Making Hive Squawk like a Real Database


Hive is great for large scale data warehousing applications. In one of my recent projects I was handed over the interesting and challenging task of  making Hive behave like an OLTP system i.e., support update and delete. To be more specific, the Hive database needed to be kept in near real time synchronization with multiple OLTP systems. In this post, I will discuss  the high level features of the  solution based on Hive custom input output format.

The Scenario

Imagine a national retail chain collecting sales data in the regional OLTP databases.  Periodically, the data from multiple OLTP systems gets fed into Hive, which aggregates all the data. The data arrival is frequent enough so that Hive is in near real time synchronization with the source OLTP systems.

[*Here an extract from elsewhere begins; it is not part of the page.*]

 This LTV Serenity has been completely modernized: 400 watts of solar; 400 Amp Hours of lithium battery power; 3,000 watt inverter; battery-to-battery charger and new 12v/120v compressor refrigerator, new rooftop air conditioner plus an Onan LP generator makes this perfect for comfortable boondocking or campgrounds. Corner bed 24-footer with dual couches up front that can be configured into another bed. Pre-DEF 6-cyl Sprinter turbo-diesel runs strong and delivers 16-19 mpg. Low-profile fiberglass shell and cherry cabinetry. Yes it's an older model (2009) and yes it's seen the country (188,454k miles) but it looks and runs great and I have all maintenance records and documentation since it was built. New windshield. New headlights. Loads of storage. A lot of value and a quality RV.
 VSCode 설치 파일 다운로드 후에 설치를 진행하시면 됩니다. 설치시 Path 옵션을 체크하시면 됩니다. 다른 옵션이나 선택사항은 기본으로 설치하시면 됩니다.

Essentially, every time a record gets inserted, updated or deleted in the source OLTP, it gets shipped to Hive.  This process is also known as transactional replication. Here are the main  issues I faced to meet the requirements and for a satisfactory solution.

  • Since Hive can not be updated once data is loaded, how do we handle new inserts or updates on existing record.
  • While writing, how do we decide whether a new incoming record is an insert or update and how to handle it in Hive. Hive does not have any notion of update or deletes.
  • For a query, how do I ensure that only the latest version of a record is returned.

Database Schema

Here is the Hive schema for tables related to sales data. The incoming batch of data is loaded into the following staging table using Hive load statement.

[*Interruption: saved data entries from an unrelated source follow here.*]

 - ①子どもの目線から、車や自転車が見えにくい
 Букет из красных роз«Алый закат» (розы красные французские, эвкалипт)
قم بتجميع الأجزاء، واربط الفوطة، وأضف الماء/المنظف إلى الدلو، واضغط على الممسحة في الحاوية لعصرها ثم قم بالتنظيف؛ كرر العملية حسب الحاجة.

CREATE EXTERNAL TABLE test.sell_stage
(
sell_id BIGINT, 
acct_id BIGINT, 
change_ts STRING, 
create_ts STRING, 
payment_type_id STRING, 
status_id STRING, 
total_amt DOUBLE, 
batch INT, 
op_code STRING,
store_id STRING, 
create_date STRING
)
ROW FORMAT DELIMITED FIELDS TERMINATED BY ','
STORED AS TEXTFILE
LOCATION  '/user/pranab/db/stage/test/sell_stg';

The main table holding the sells data is as follows

CREATE EXTERNAL TABLE test.sell
(
sell_id BIGINT, 
acct_id BIGINT, 
change_ts STRING, 
create_ts STRING, 
payment_type_id STRING, 
status_id STRING, 
total_amt DOUBLE , 
batch INT, 
op_code STRING
)
PARTITIONED BY (store_id STRING, create_date STRING)
ROW FORMAT SERDE 'org.apache.hadoop.hive.serde2.columnar.ColumnarSerDe'
STORED AS RCFILE
LOCATION '/user/pranab/db/data/test/sell';

This table is partitioned by store_id and create_date. Partitioning in Hive is like indexes in regular database. This table stores data in RCFile. RCFile is a columnar storage in HDFS.

A Naive Approach

If we execute Hive insert overwrite query, with the new data, it will simply replace the existing data in sell table with the new data.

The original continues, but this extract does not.